Saturday, May 22, 2010

Learning From, If Not Using, the World of Mailing Lists

Many of us don't make good use of the infrastructure of mailing lists that have developed around us over the past 35 or so years—since the days of the punch cards.

As associations we are often not attractive customers for them, as we might need only one, comprehensive list for a membership or conference promotion, if that. However, proactively engaging one who can filter various list providers is a sensible approach.

When you work with one, be sure to request the full datacards from them and check out the optional selects that the list includes. They will always be eager to rent a large file to you, but generalizing from many past campaigns, I can say that you rarely benefit from mailing outside the 1 or 2 segments that are most appropriate, within a much larger list or masterfile.

A good datacard typically provides one or two pages of description regarding profile and source of names: a box on the upper left will show your incremental CPM for using specific selects. For a sample, visit MGI or InFocus, two of the two major managers working in the association space.

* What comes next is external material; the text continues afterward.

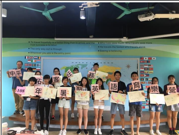
12. 大合照 Group Picture
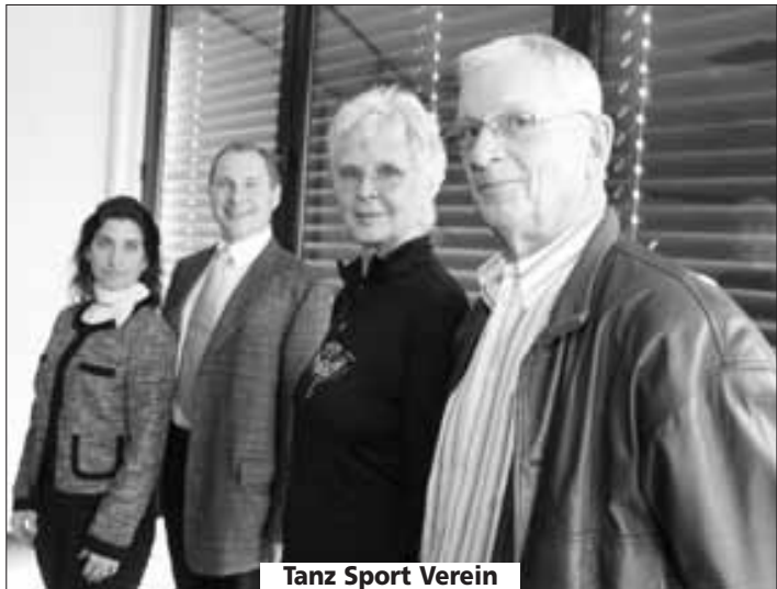
Tanz Sport Verein Blau-Gold Steinbach

Of course I'm assuming that you deal with smaller volumes of rental names and much narrower selects than do our peers in philanthropic and commercial marketing. If so we are less profitable customers-it takes more to make us happy and we generate less gross revenue for the list brokers & managers. If not, consider subscribing to SRDS for a year—it's a sensible investment that will give you some very large catalogs of lists that, at least in my case, are resources I have used for years. Counts may change, sometimes list managers will, but enough lists stay on the market in the same place to give you a good starting point when shopping for prospect lists.